(Stored items from a collection)
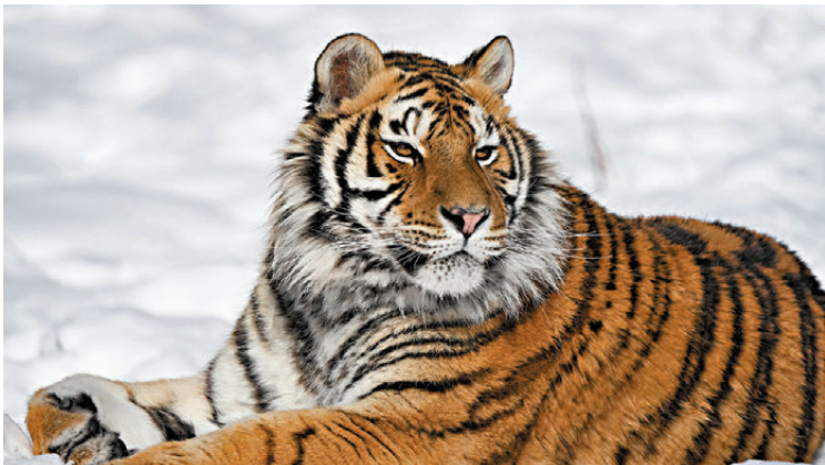
●萬興富拍攝的國家一級保護野生動物——東北虎。
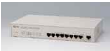
LH1208C デュアルスピードハブ
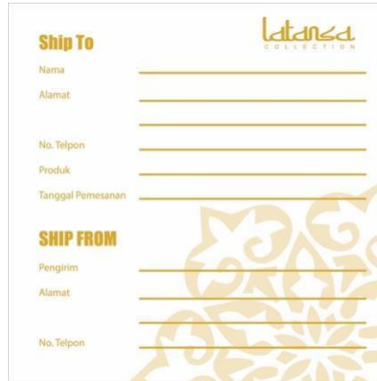
Gambar 3.8 Shippin form
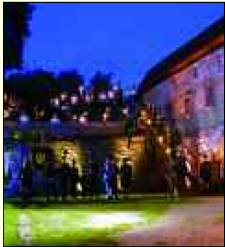
Die Bergbautradition wird jedes Jahr in Rüdersdorf gefeiert.

Am noch aktiven Kalksteingebau ist der größte Museumspark für Industriegeschichte entstanden. Er zieht Jahr für Jahr viele Besucher von nah und fern
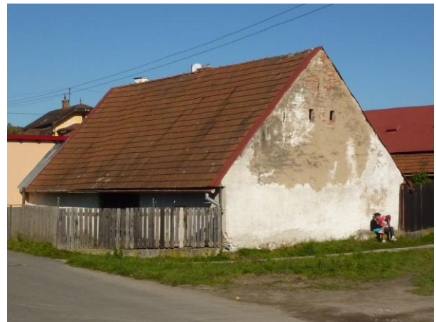
276. J. Smreka, stodola – návrh NKP Glos 2010
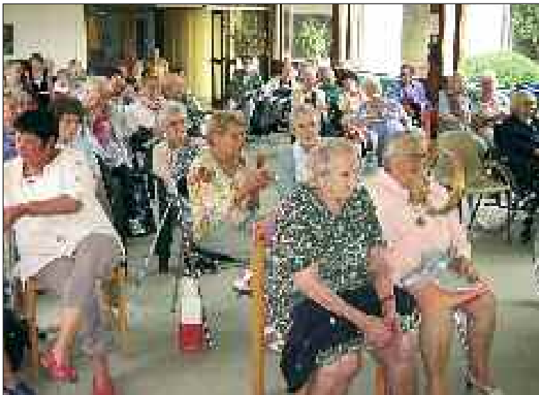
Une fête de famille très chaleureuse
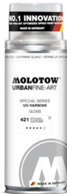
337.995 UV-VARNISH 400 ml
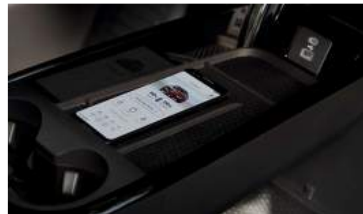
ŁADOWARKA BEZPRZEWODOWA DO SMARTFONÓW Standard dla wszystkich wersji
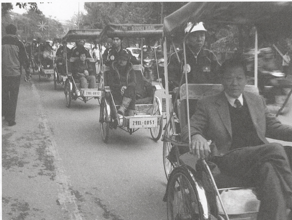
Chinesische Kolonne durch Hanoi
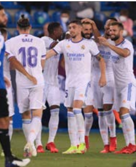
بني راك مدريد هم برشلونة يوفنتوس خارج المنظومة

وبالحديث عن الملاعب لا بدّ من التوقف عند وجود ميسي في تركيبة باريس سان جيرمان، فهو الحلقة الذهبية المفقودة في تلك التشكيلة التي قيل يوماً أنها لا تُقهر بوجود نيمار ومبابي والأرجنتينيين أنجيل دي ماريا وسوارو إسكاري وغيرهم من الأسماء الأملعة. لكن رغم كل هذه الأسماء افتقد الفريق الباريسي إلى لاعب محوريّ حاسم يمكنه زيادة لمعان زملته والفريق بشكل عام. القائد السابق لبرشلونة الإسباني هو فعلاً الحلّ للكثير من المشاكل الفنية التي عانى منها ال PSG، أولها أنه سيكون المفتاح القادر على جعله إلى دفاع متكثّل من خلال سرعتهم ومهاراته الاستثنائية. صحيح أنّ مبابي امتلك الأولى ونيمار امتك الثانية، لكنهما برعا أكثر في رسم الهجمات المرتدة
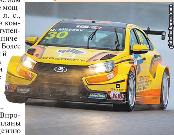
Вот какой облик может принимать Vesta Sport! Правда, в салоне такую не купишь - это чисто гоночная версия.

Продемонстрировали президенту и вариант новой «Нивы» - пока лишь в виде полноразмерного макета и с необычным названием «Т-134». Тут, впрочем, до постановки на конвейер далеко. Зато в 2027-м на него встанет минивэн Lada. Подробностей о последнем еще меньше, чем о кроссовере.
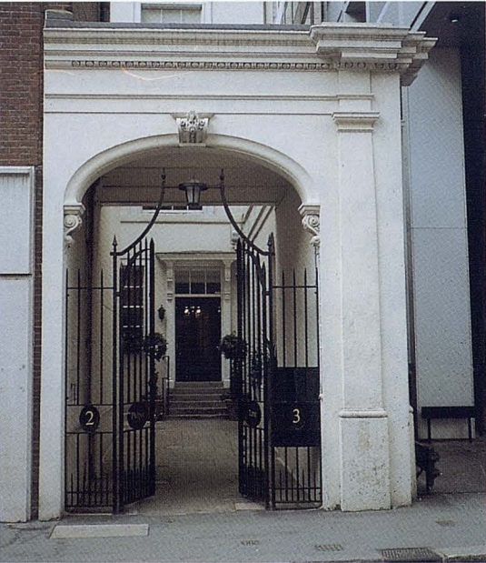
Entrada de Mapfre House en Londres.
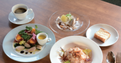
龍田古道ランチセット (イタリアンレストランひのでや)
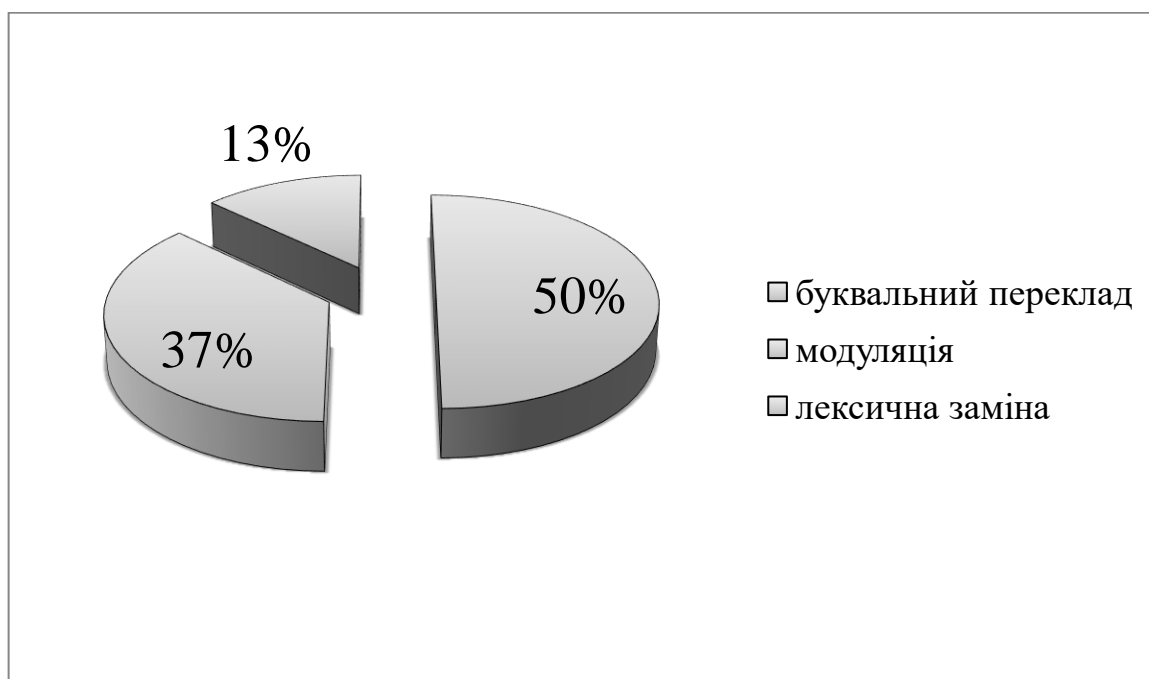
Рис. 3.3. Засоби перекладу діалектизмів в індонезійських піснях

Результати перекладу діалектизмів зображено в рис. 3.3:
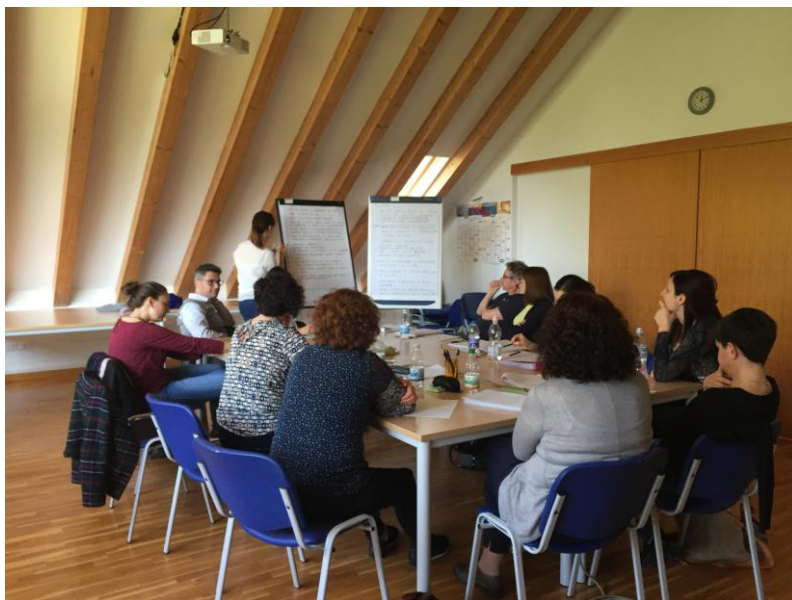
4.2. Corso di formazione aziendale

Durante la formazione venne data molta attenzione al primo salto del PBL: chiarire i termini poco chiari. In questa situazione era importante che i facilitatori comprendessero l'importanza di dedicare molto tempo all'individuazione dei termini non immediatamente chiari, dato che una criticità evidenziata nella ricerca era proprio la incomprensione dei termini tecnici specifici usati dalle altre professioni sanitarie.
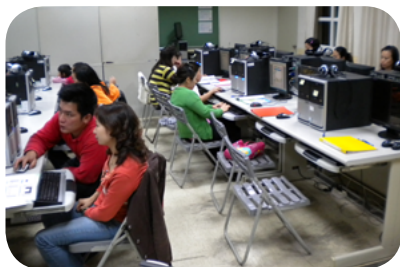
成教班學員相互討論學習電腦操作
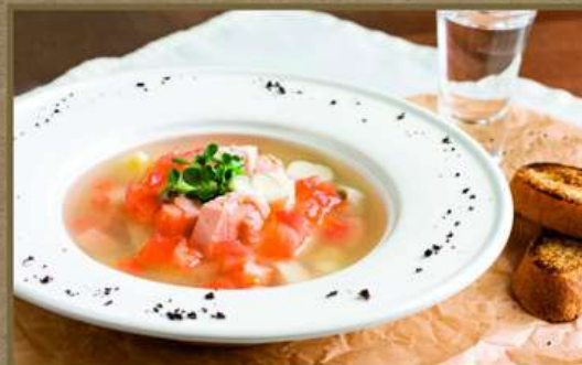
УХА ИЗ СУДАКА И ЛОСОСЯ 350 250/50 Подается со стопкой водки и печёным хлебом
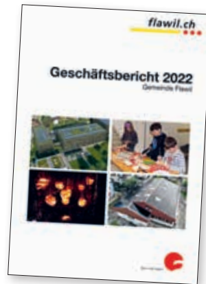
Die Frontseite des Geschäftsberichts 2022 der Gemeinde Flawil.

Der Geschäftsbericht 2022 dient als Grundlage für die Bürgerversammlung, die am Dienstag, 25. April 2023, um 20 Uhr im Lindensaal stattfindet.
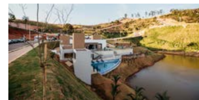
Village da Lagoa
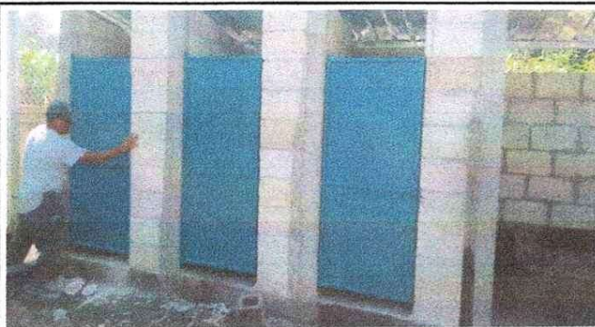
NOTA: Instalacion de puertas de baños.

PROBLEM TO WORK ON: In the records above, find the line with "Die Bergbautradition wird" and the line with "بني راك مدريد"; please transcribe exactly those two lines and all lines between them, omitting any picture.

EXPECTED ANSWER:
Die Bergbautradition wird jedes Jahr in Rüdersdorf gefeiert.

Am noch aktiven Kalksteingebau ist der größte Museumspark für Industriegeschichte entstanden. Er zieht Jahr für Jahr viele Besucher von nah und fern
276. J. Smreka, stodola – návrh NKP Glos 2010
Une fête de famille très chaleureuse
337.995 UV-VARNISH 400 ml
ŁADOWARKA BEZPRZEWODOWA DO SMARTFONÓW Standard dla wszystkich wersji
Chinesische Kolonne durch Hanoi
بني راك مدريد هم برشلونة يوفنتوس خارج المنظومة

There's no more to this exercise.